Date: Sun, 21 Nov 1999 17:26:51 -0800

Anniken Davenport wrote:

On the other hand, I fear whether the average citizen (here or elsewhere in the world) has the analytic ability and historical perspective to critically evaluate propaganda for what it is. This was brought home to me recently when the student newspaper at the small liberal arts college where I teach began debating whether they should run an "advertorial" by Bradley Smith and his so-called Committee on Open Debate of the Holocaust. Should the paper publish it and open the debate, trusting the readership has the ability to recognize a ridiculous claim for what it is? Or should the "ad" be rejected for publication? The paper's apparent solution is to take a poll of the readership before deciding on a course of action.

It strikes me as itself ridiculous (and cowardly) to be afraid of the ridiculous. I have heard far-off echoes of this banging at the doors and I do wonder if it won't get louder the longer it doesn't go away all by itself. People who are uninformed are naturally curious to know what the noise is about. I think the editors should take the "advertorial" (whatever that is) and accept some responsibilty for beginning to smarten up the public level of discourse after decades of dumbing it down.

This may have been debated exhaustively on list, and if so, pardon my late-comer remarks.... By calling the Revisionists "Deniers" one draws attention to oneself as a "Believer" - since one cannot deny a fact, only a claim, or a faith.

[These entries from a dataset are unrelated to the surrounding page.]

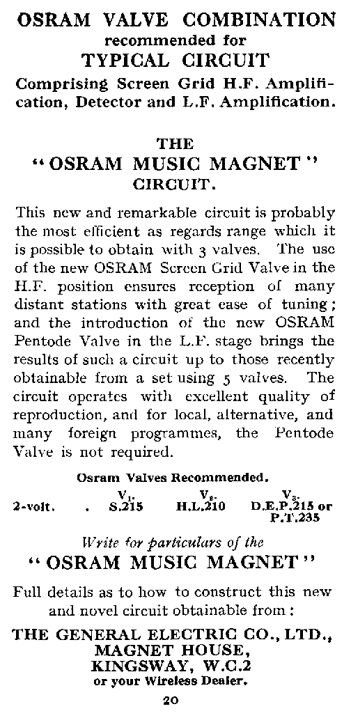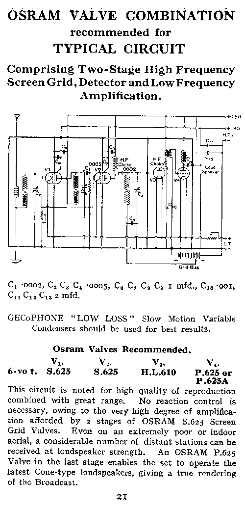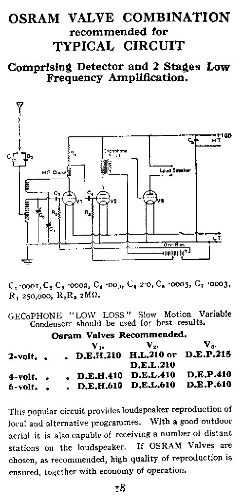 | Page 19 | Valves recommended for Typical circuit (HF, Det, 2 x LF) |
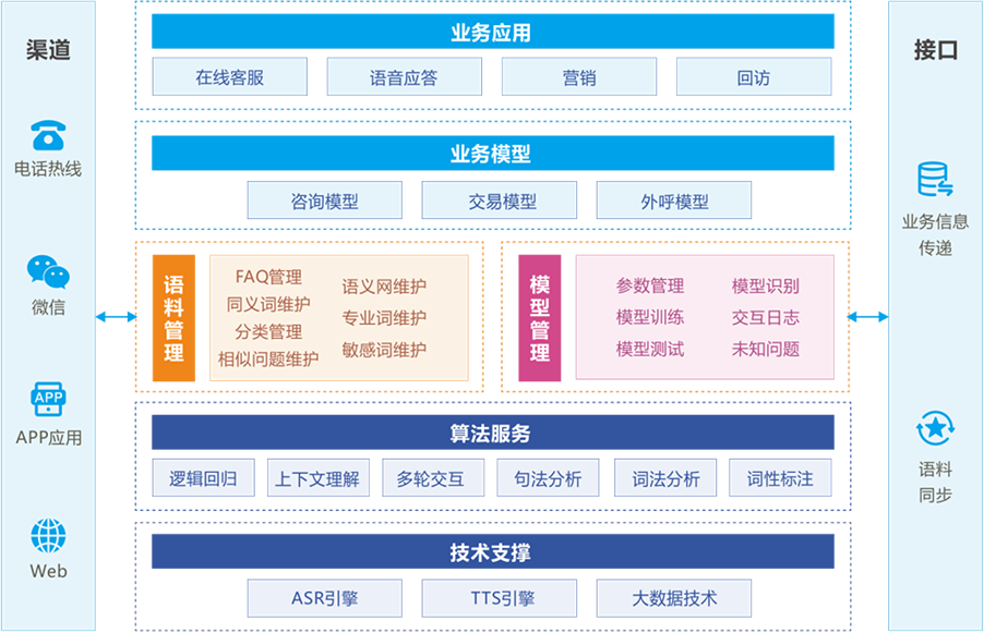 整合对接各类主流智能引擎,形成具有行业属性的AI应用能力系统,深入分析客户需求,匹配业务,进行定制开发。
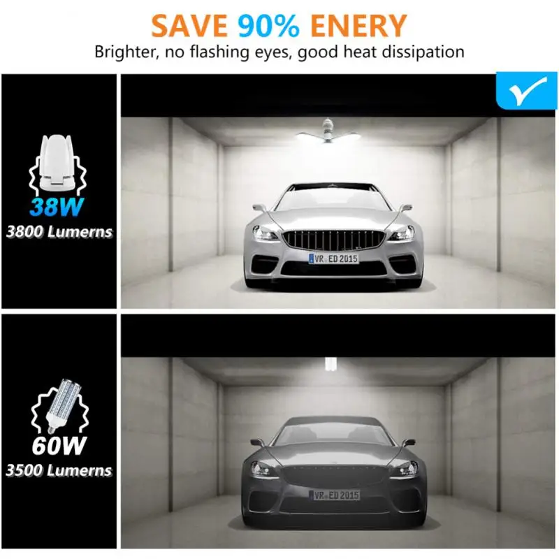 -Регулируемый панели: светодиодный гараж светильник разработан с четырьмя регулируемый светодиодный крылья, который может быть сложен до 90 градусов, а также имеется круговой направленный вниз светильник так, как вам нравится. Возможность сгибать дужки лампы, чтобы затопить более темные зоны комнаты, светильник очень полезен, приносим огромное количество светильник.
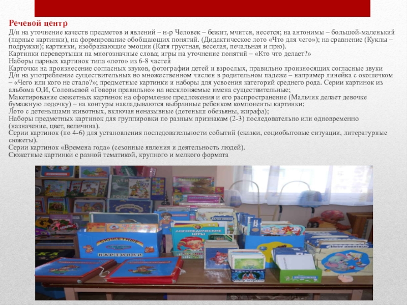 – бежит, мчится, несется; на антонимы – большой-маленький (парные картинки), на формирование обобщающих понятий. (Дидактическое лото «Что для чего»); на сравнение (Куклы – подружки); картинки, изображающие эмоции (Катя грустная, веселая, печальная и прю).
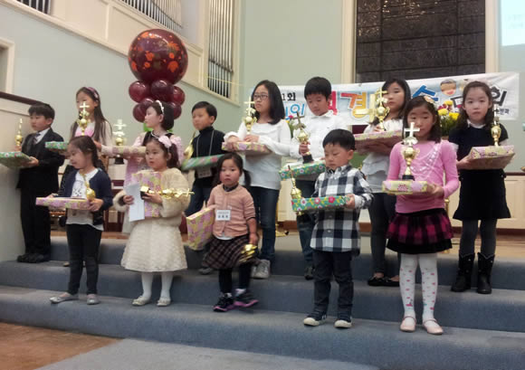 약 2시간 가량 진행된 행사에서 개인전 ‘면류관 대상’은 임 아비가엘 (4학년, 필그림교회) 양이, 고학년 ‘면류관 상’은, 조은희(5학년, 그레이스연합교회) 양이, 저학년 ‘면류관 상’은, 이현명(1학년, 성은장로교회) 군이 차지했다.

You can dispute a fact, but you cannot deny it. By using the verb deny, one calls in question the linguistic suitability of "fact". I suspect that this ensconcement, this refusal to fight in public, may be seen to betray uncertainty and doubt.

A while ago Prof. [Deborah] Lipstadt explained her refusal to debate with Deniers by saying: "Would YOU debate with a Flat-Earther?" She may not have realised that her very indignation and the intemperate nature of her emotions could lay her listeners open to wondering if she were not the Flat-Earther. That's just an observation on how people read between the lines.